**WORK ITEM**
In your copy, leave out the pictures and reproduce the listing below exactly.

**COLLECTED DATA**
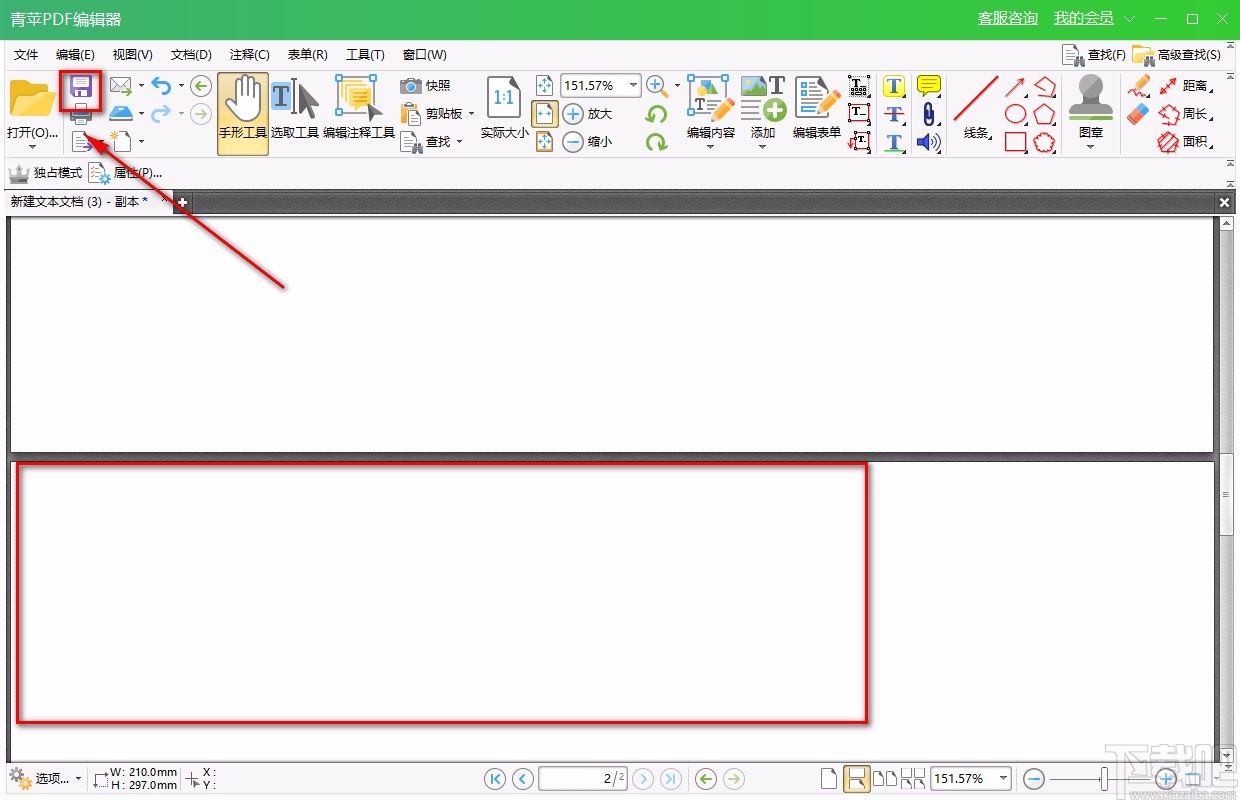 9.最后我们在页面上就可以查看到插入的空白页面;这时候点击界面左上方的保存按钮,就可以将插入页面后的PDF文件保存在电脑中。
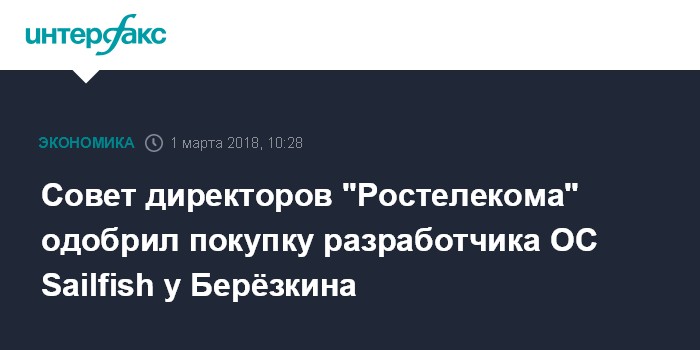 Москва. 1 марта. INTERFAX.RU - Совет директоров ПАО "Ростелеком" одобрил покупку долей в компаниях ООО "Открытая мобильная платформа" (ОМП) и ООО "Вортон", которые развивают мобильную операционную систему Sailfish.
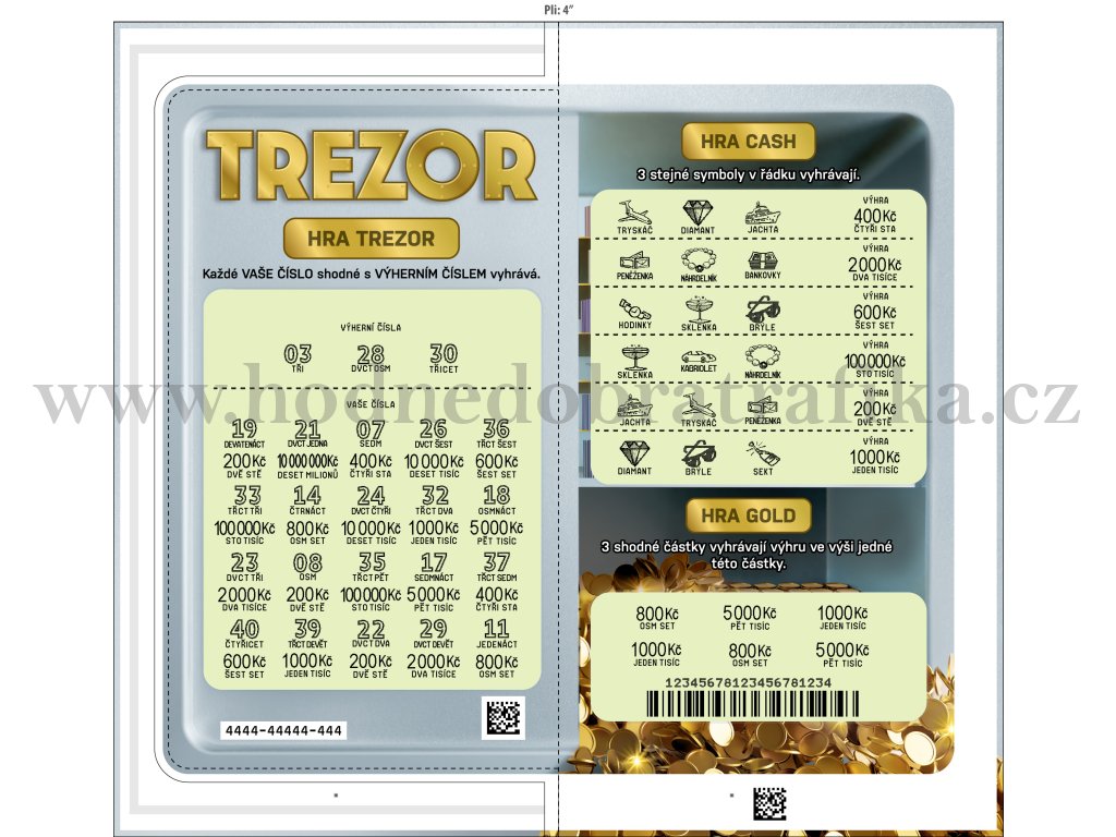 1. V prvním herním poli označeném HRA TREZOR jsou po setření 3 Výherní čísla a 20 Vašich čísel. Každé z Vašich čísel, které se shoduje s některým číslem Výherním, vyhrává výhru pod ním uvedenou.

**RESPONSE TO THIS EXERCISE**
 9.最后我们在页面上就可以查看到插入的空白页面;这时候点击界面左上方的保存按钮,就可以将插入页面后的PDF文件保存在电脑中。
 Москва. 1 марта. INTERFAX.RU - Совет директоров ПАО "Ростелеком" одобрил покупку долей в компаниях ООО "Открытая мобильная платформа" (ОМП) и ООО "Вортон", которые развивают мобильную операционную систему Sailfish.
 1. V prvním herním poli označeném HRA TREZOR jsou po setření 3 Výherní čísla a 20 Vašich čísel. Každé z Vašich čísel, které se shoduje s některým číslem Výherním, vyhrává výhru pod ním uvedenou.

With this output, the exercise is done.